PROBLEM STATEMENT:
The span to repeat in the listing below runs from the line containing "Busch-Jaeger inbouw-kamerthermostaat met" to the line containing "Das Highlight an", inclusive. Repeat it exactly, and only it.

━━━━━ SUPPLIED INFORMATION

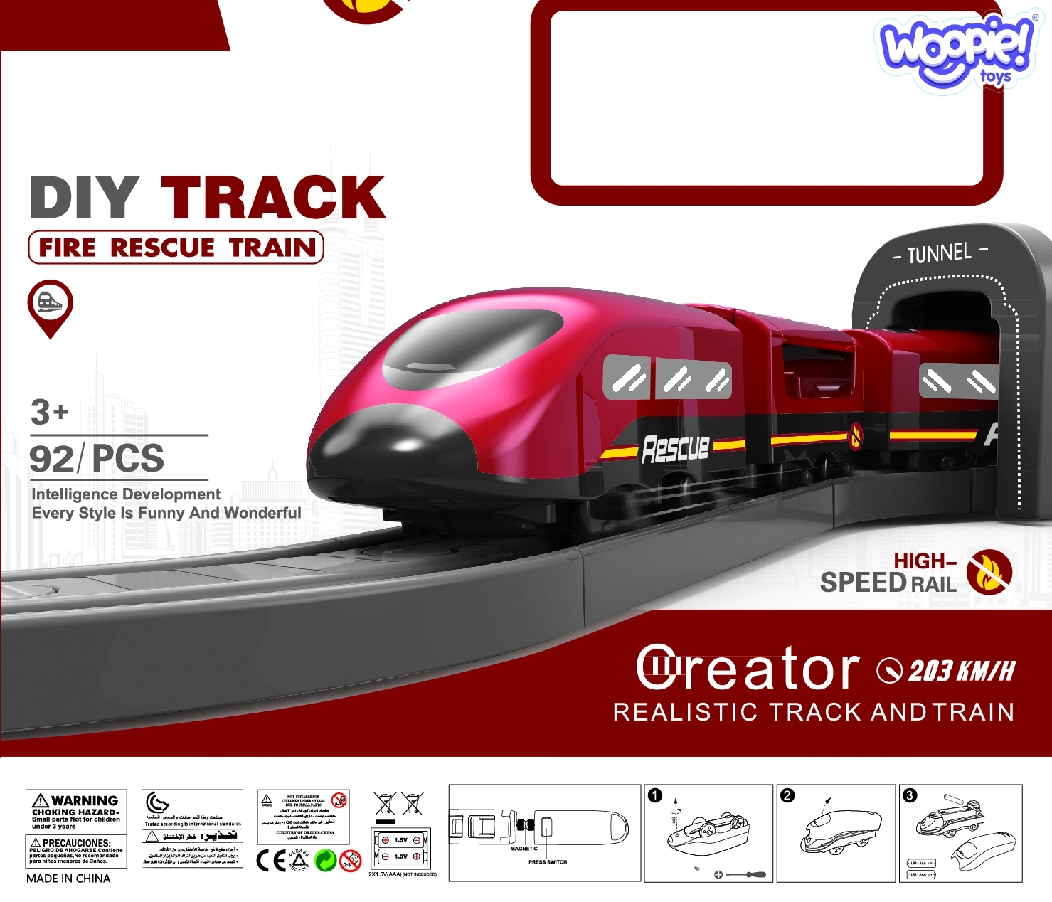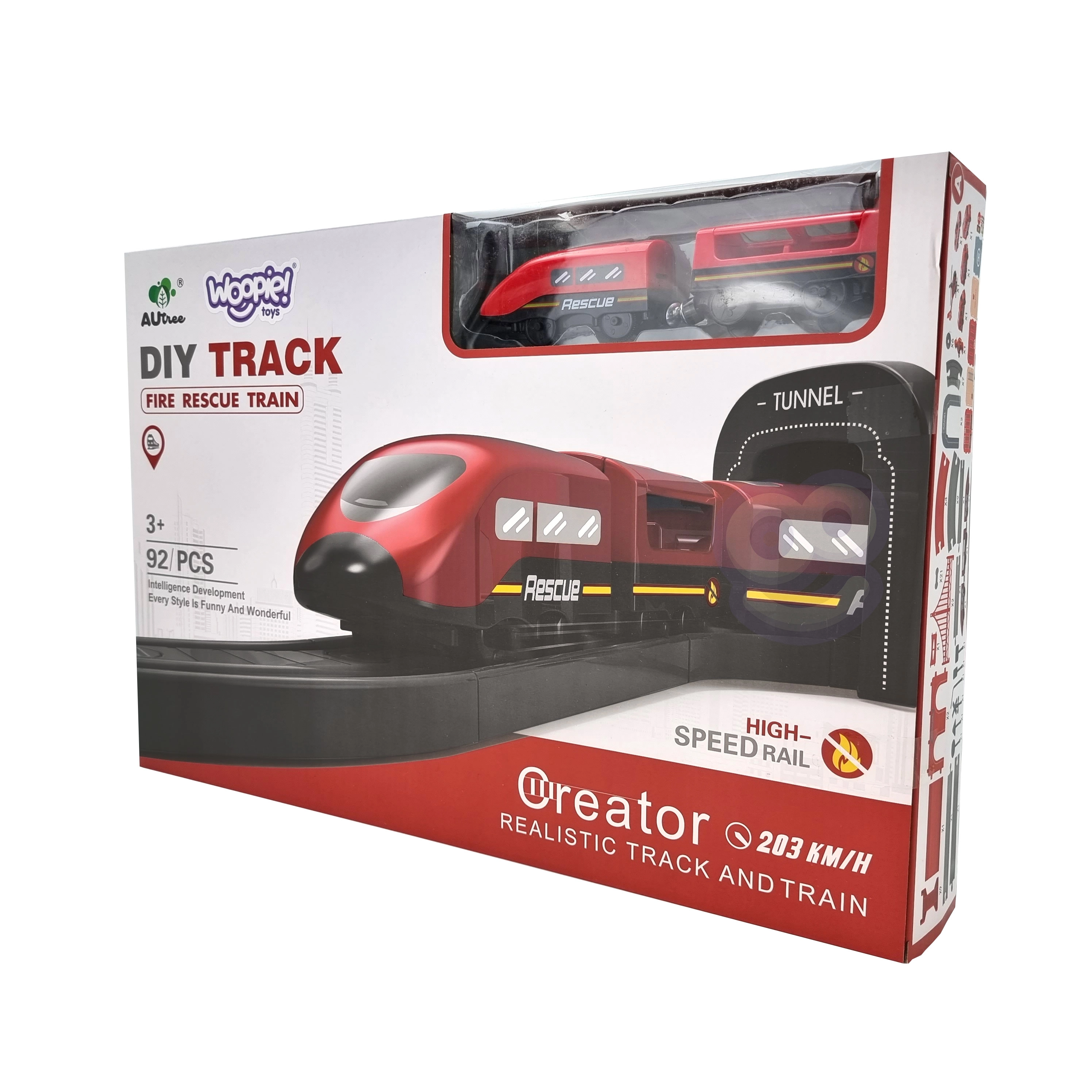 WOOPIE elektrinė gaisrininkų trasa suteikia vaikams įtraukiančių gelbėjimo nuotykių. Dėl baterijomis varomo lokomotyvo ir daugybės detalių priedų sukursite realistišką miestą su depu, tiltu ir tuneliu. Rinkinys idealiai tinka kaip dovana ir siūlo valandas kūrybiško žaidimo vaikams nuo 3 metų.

━━━━━━━━━━
━━━━━ SUPPLIED INFORMATION

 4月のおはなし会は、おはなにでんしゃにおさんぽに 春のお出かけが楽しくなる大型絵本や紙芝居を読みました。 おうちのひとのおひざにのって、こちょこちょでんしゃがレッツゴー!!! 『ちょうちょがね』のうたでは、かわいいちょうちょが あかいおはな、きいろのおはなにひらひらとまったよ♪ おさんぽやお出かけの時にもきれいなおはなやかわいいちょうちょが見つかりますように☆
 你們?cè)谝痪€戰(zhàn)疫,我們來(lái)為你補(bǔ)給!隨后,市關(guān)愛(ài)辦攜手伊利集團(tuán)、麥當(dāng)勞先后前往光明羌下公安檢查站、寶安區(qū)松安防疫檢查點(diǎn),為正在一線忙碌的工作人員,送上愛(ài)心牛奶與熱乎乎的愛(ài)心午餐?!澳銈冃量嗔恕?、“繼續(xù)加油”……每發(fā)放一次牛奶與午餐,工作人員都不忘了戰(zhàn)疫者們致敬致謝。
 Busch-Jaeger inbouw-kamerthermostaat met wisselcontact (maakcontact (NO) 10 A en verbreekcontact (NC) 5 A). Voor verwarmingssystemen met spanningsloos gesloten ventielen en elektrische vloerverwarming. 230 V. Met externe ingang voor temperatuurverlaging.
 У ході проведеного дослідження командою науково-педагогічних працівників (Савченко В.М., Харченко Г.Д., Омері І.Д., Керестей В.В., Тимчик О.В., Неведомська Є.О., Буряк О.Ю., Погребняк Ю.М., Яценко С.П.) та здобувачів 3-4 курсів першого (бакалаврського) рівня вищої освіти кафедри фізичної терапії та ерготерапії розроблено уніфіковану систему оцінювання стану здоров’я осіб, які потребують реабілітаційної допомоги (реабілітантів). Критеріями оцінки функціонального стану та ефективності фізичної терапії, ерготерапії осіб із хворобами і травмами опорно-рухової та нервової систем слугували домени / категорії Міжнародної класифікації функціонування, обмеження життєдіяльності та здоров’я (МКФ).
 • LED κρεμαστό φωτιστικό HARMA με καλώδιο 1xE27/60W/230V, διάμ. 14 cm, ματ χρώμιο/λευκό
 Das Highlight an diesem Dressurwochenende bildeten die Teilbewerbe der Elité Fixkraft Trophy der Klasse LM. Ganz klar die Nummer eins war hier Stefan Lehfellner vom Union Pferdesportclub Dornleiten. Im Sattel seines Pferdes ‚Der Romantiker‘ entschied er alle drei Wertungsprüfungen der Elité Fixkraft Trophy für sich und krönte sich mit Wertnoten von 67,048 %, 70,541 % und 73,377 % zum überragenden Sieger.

━━━━━━━━━━
━━━━━ SUPPLIED INFORMATION

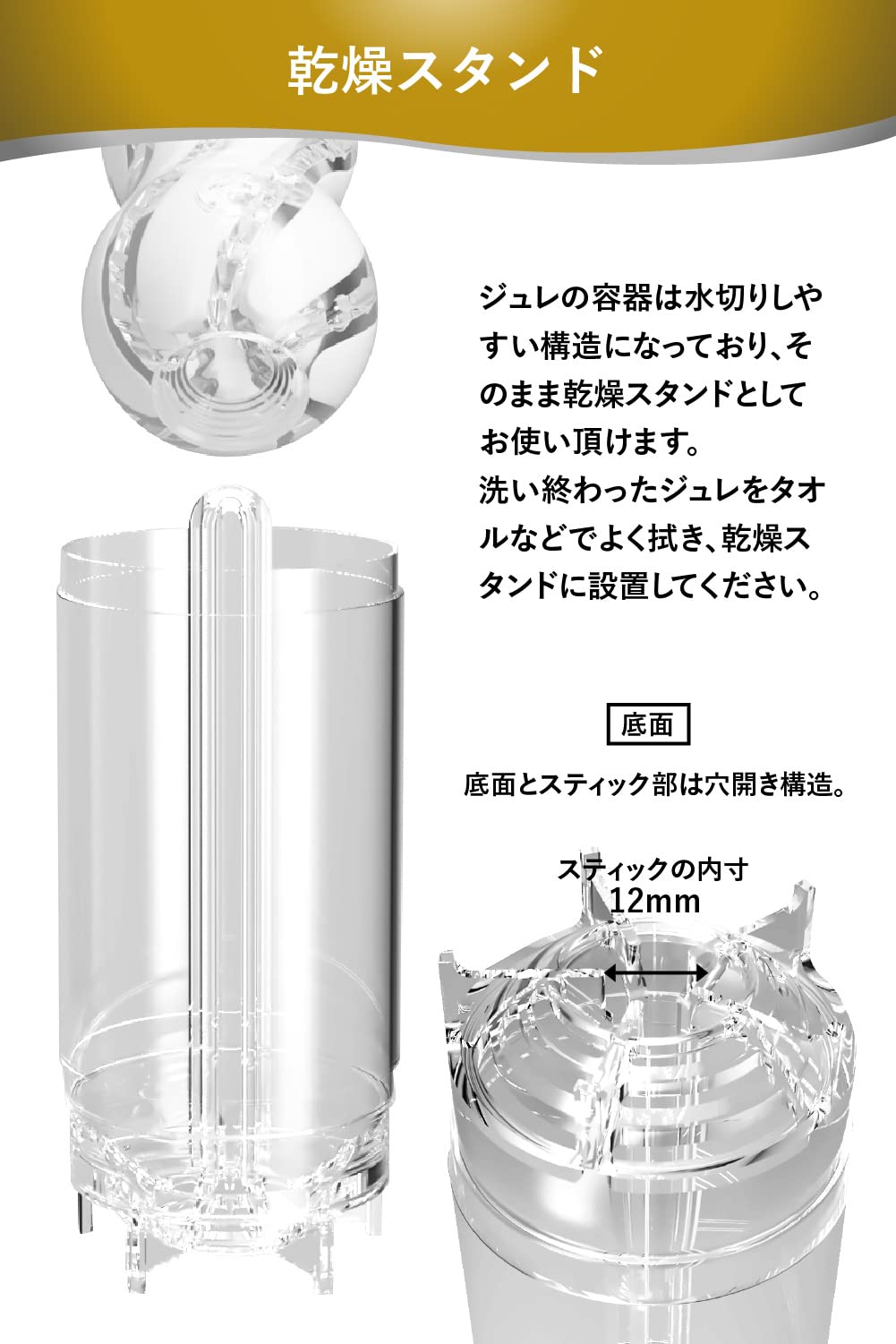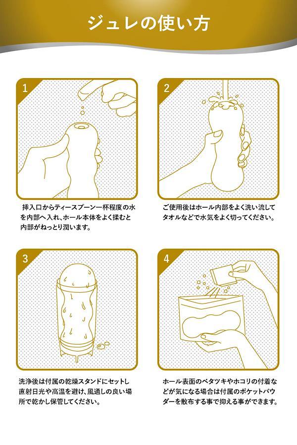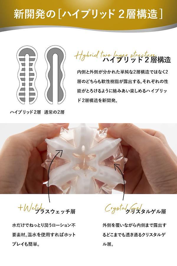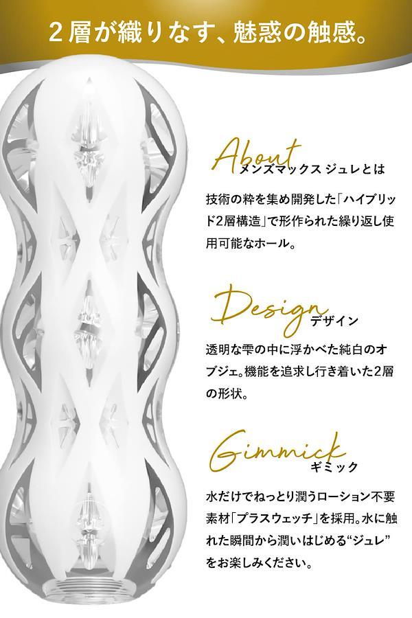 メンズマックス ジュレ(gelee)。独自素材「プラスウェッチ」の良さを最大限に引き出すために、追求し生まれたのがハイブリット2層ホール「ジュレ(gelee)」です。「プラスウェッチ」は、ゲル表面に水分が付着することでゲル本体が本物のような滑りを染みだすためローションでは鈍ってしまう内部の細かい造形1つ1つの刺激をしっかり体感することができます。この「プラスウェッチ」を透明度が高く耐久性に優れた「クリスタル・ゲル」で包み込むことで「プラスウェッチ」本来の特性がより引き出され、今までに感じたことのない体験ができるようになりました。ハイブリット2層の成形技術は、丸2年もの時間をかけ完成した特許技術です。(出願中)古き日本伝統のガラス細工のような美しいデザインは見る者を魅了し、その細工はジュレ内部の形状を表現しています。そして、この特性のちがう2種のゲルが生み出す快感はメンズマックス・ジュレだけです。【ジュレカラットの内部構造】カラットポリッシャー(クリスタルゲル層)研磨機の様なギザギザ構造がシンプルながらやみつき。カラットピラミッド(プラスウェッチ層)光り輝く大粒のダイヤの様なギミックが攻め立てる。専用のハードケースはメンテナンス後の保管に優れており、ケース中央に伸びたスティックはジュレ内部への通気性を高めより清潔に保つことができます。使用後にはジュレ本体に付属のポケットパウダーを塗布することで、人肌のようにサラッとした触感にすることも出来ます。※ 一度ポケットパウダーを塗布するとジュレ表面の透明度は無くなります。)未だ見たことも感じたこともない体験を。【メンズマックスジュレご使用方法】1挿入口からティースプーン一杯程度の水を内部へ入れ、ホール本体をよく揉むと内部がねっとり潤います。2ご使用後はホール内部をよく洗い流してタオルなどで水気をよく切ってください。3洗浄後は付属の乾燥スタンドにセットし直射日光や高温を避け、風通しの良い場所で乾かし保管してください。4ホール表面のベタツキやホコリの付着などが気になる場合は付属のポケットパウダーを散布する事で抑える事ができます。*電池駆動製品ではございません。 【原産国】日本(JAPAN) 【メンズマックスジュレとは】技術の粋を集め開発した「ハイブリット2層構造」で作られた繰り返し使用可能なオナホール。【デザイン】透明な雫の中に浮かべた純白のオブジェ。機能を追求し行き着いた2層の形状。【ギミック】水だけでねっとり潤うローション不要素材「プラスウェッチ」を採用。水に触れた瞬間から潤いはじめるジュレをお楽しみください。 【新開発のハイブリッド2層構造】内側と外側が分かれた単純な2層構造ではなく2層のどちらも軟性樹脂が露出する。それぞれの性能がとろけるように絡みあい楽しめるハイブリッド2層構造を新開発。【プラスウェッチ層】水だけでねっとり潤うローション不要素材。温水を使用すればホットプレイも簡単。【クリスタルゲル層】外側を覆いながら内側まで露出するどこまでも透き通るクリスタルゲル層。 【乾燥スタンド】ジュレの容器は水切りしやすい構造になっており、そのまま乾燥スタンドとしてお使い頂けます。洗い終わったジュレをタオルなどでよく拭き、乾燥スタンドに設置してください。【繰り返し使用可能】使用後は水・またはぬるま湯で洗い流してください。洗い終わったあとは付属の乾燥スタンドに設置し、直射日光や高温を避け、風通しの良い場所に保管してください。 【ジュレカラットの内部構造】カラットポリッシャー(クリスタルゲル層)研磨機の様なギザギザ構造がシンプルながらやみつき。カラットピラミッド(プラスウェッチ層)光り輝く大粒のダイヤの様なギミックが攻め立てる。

━━━━━━━━━━

RESPONSE TO THIS EXERCISE:
 Busch-Jaeger inbouw-kamerthermostaat met wisselcontact (maakcontact (NO) 10 A en verbreekcontact (NC) 5 A). Voor verwarmingssystemen met spanningsloos gesloten ventielen en elektrische vloerverwarming. 230 V. Met externe ingang voor temperatuurverlaging.
 У ході проведеного дослідження командою науково-педагогічних працівників (Савченко В.М., Харченко Г.Д., Омері І.Д., Керестей В.В., Тимчик О.В., Неведомська Є.О., Буряк О.Ю., Погребняк Ю.М., Яценко С.П.) та здобувачів 3-4 курсів першого (бакалаврського) рівня вищої освіти кафедри фізичної терапії та ерготерапії розроблено уніфіковану систему оцінювання стану здоров’я осіб, які потребують реабілітаційної допомоги (реабілітантів). Критеріями оцінки функціонального стану та ефективності фізичної терапії, ерготерапії осіб із хворобами і травмами опорно-рухової та нервової систем слугували домени / категорії Міжнародної класифікації функціонування, обмеження життєдіяльності та здоров’я (МКФ).
 • LED κρεμαστό φωτιστικό HARMA με καλώδιο 1xE27/60W/230V, διάμ. 14 cm, ματ χρώμιο/λευκό
 Das Highlight an diesem Dressurwochenende bildeten die Teilbewerbe der Elité Fixkraft Trophy der Klasse LM. Ganz klar die Nummer eins war hier Stefan Lehfellner vom Union Pferdesportclub Dornleiten. Im Sattel seines Pferdes ‚Der Romantiker‘ entschied er alle drei Wertungsprüfungen der Elité Fixkraft Trophy für sich und krönte sich mit Wertnoten von 67,048 %, 70,541 % und 73,377 % zum überragenden Sieger.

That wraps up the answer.